╭─ AVAILABLE DATA
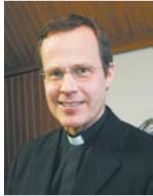
4 Dogmatiikan professori Miikka Ruokanen
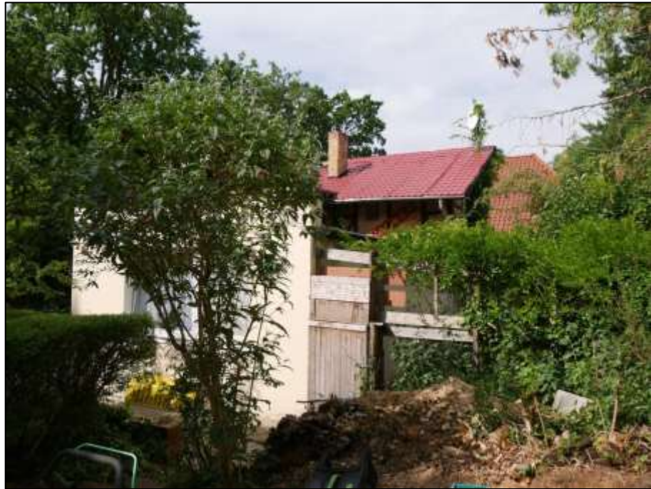
Blick nach Süd-Westen auf den 1-geschossigen Wohnzimmer-Anbau an das sogen. Einfamilienhaus im Hintergrund (ehemals: Stall-/Remise etc.)
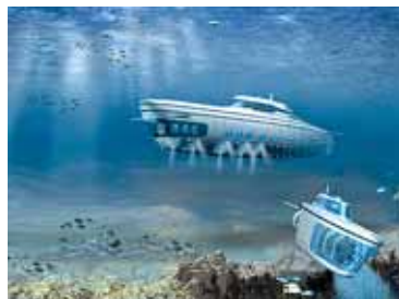
CANAL THERESA BERNABÉ
╰─
◆ **WORK INSTRUCTIONS**: When you repeat the lines above, keep them exact and leave out each image they contain.

◆ **EXPECTED OUTPUT**:
4 Dogmatiikan professori Miikka Ruokanen
Blick nach Süd-Westen auf den 1-geschossigen Wohnzimmer-Anbau an das sogen. Einfamilienhaus im Hintergrund (ehemals: Stall-/Remise etc.)
CANAL THERESA BERNABÉ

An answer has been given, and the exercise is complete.